▶ Exercise goal:
Your output should be the records below, word for word and picture-free.

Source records
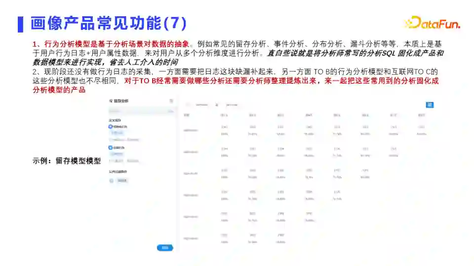 行为分析模型是基于分析场景对数据的抽象。例如常见的留存分析、事件分析、分布分析、漏斗分析等等,本质上是基于用户行为日志+用户属性数据,来对用户从多个分析维度进行分析。直白说就是将分析师常写的分析SQL固化成产品和数据模型来实现,省去人工介入的时间。
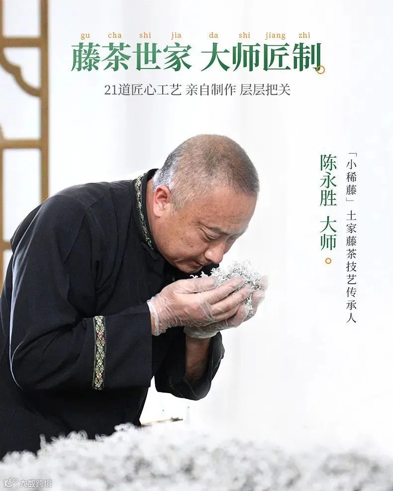 土家藤茶第七代技艺传承人陈永胜大师,保留着最完整的土家藤茶制作工艺。21道工艺每一个环节,亲自制作,层层把关。
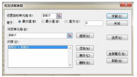 第四步:点击“数据”选项卡中的“规划求解”按钮,在打开的“规划求解参数”对话框中将目标单元格和可变单元格设置为“$B$17”,约束设置为“$F$12=$G$12”,如图5-10所示,单击“求解”按钮后得到B17单元格的值为392.33万元。
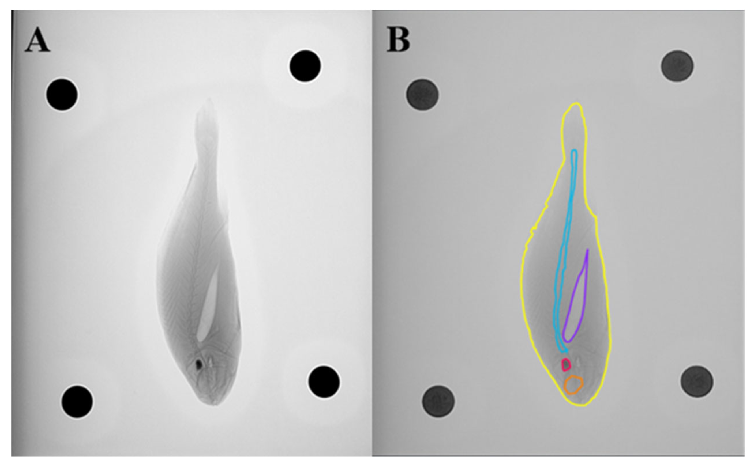 - Song, Y.; Shengmao, Z.; Heng, Z.; Fenghua, T.; Hanye, Z.; Yongchuang, S.; Xuesen, C. Application of X-ray in detection of fish tissue and trace elements. J. Appl. Opt. 2024, 45, 166–176. [Google Scholar] [CrossRef]
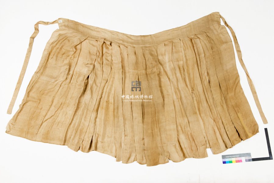 形狀內(nèi)容描述 裙子為百褶,前片和后片的中間開(kāi)衩并留有大于其他褶一倍的一大褶,形似清代的馬面裙,裙的面料為1/1平紋的絹織物。
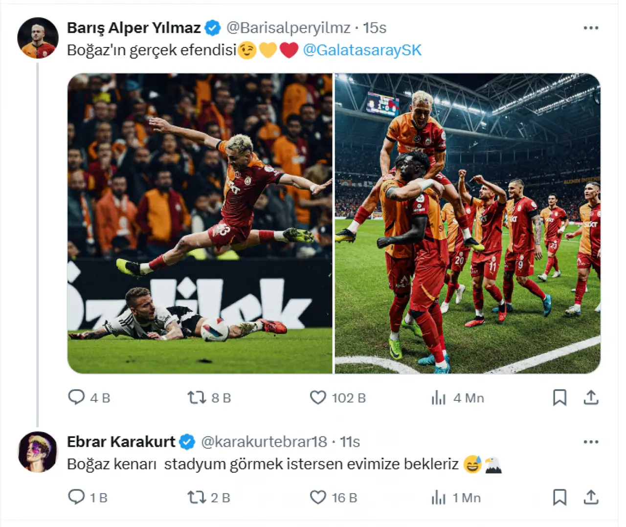 Galatasaray’ın ve Milli Takım’ın yıldız futbolcusu Barış Alper Yılmaz, Beşiktaş’ı RAMS Park’ta 2-1 mağlup ettikleri maçın ardından kişisel X hesabından bir paylaşımda bulundu. Maçtan karelerle birlikte duygularını kelimelere döken Yılmaz mesajındai, “Boğaz'ın gerçek efendisi” ifadesini kullandı.
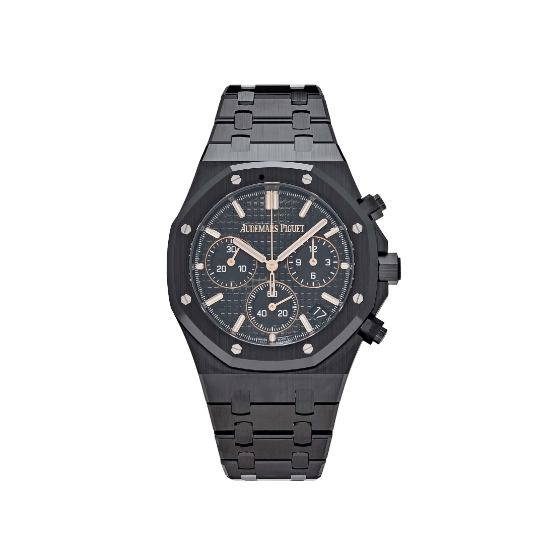 يُعَدّ إصدار رويال أوك كرونوغراف أوتوماتيكي 26240CE.OO.1225CE.02 تجسيداً جريئاً ومعاصراً لأيقونة أوديمار بيجيه، حيث صُنع بالكامل من السيراميك الأسود ليمنحه حضوراً قوياً وراقياً. تأتي العلبة المدمجة مع السوار بقطر 41 مم، وتبرز من خلال اللمسات النهائية المصقولة والمطروقة التي تميز أسلوب الدار.

▶ Answer to this problem:
 行为分析模型是基于分析场景对数据的抽象。例如常见的留存分析、事件分析、分布分析、漏斗分析等等,本质上是基于用户行为日志+用户属性数据,来对用户从多个分析维度进行分析。直白说就是将分析师常写的分析SQL固化成产品和数据模型来实现,省去人工介入的时间。
 土家藤茶第七代技艺传承人陈永胜大师,保留着最完整的土家藤茶制作工艺。21道工艺每一个环节,亲自制作,层层把关。
 第四步:点击“数据”选项卡中的“规划求解”按钮,在打开的“规划求解参数”对话框中将目标单元格和可变单元格设置为“$B$17”,约束设置为“$F$12=$G$12”,如图5-10所示,单击“求解”按钮后得到B17单元格的值为392.33万元。
 - Song, Y.; Shengmao, Z.; Heng, Z.; Fenghua, T.; Hanye, Z.; Yongchuang, S.; Xuesen, C. Application of X-ray in detection of fish tissue and trace elements. J. Appl. Opt. 2024, 45, 166–176. [Google Scholar] [CrossRef]
 形狀內(nèi)容描述 裙子為百褶,前片和后片的中間開(kāi)衩并留有大于其他褶一倍的一大褶,形似清代的馬面裙,裙的面料為1/1平紋的絹織物。
 Galatasaray’ın ve Milli Takım’ın yıldız futbolcusu Barış Alper Yılmaz, Beşiktaş’ı RAMS Park’ta 2-1 mağlup ettikleri maçın ardından kişisel X hesabından bir paylaşımda bulundu. Maçtan karelerle birlikte duygularını kelimelere döken Yılmaz mesajındai, “Boğaz'ın gerçek efendisi” ifadesini kullandı.
 يُعَدّ إصدار رويال أوك كرونوغراف أوتوماتيكي 26240CE.OO.1225CE.02 تجسيداً جريئاً ومعاصراً لأيقونة أوديمار بيجيه، حيث صُنع بالكامل من السيراميك الأسود ليمنحه حضوراً قوياً وراقياً. تأتي العلبة المدمجة مع السوار بقطر 41 مم، وتبرز من خلال اللمسات النهائية المصقولة والمطروقة التي تميز أسلوب الدار.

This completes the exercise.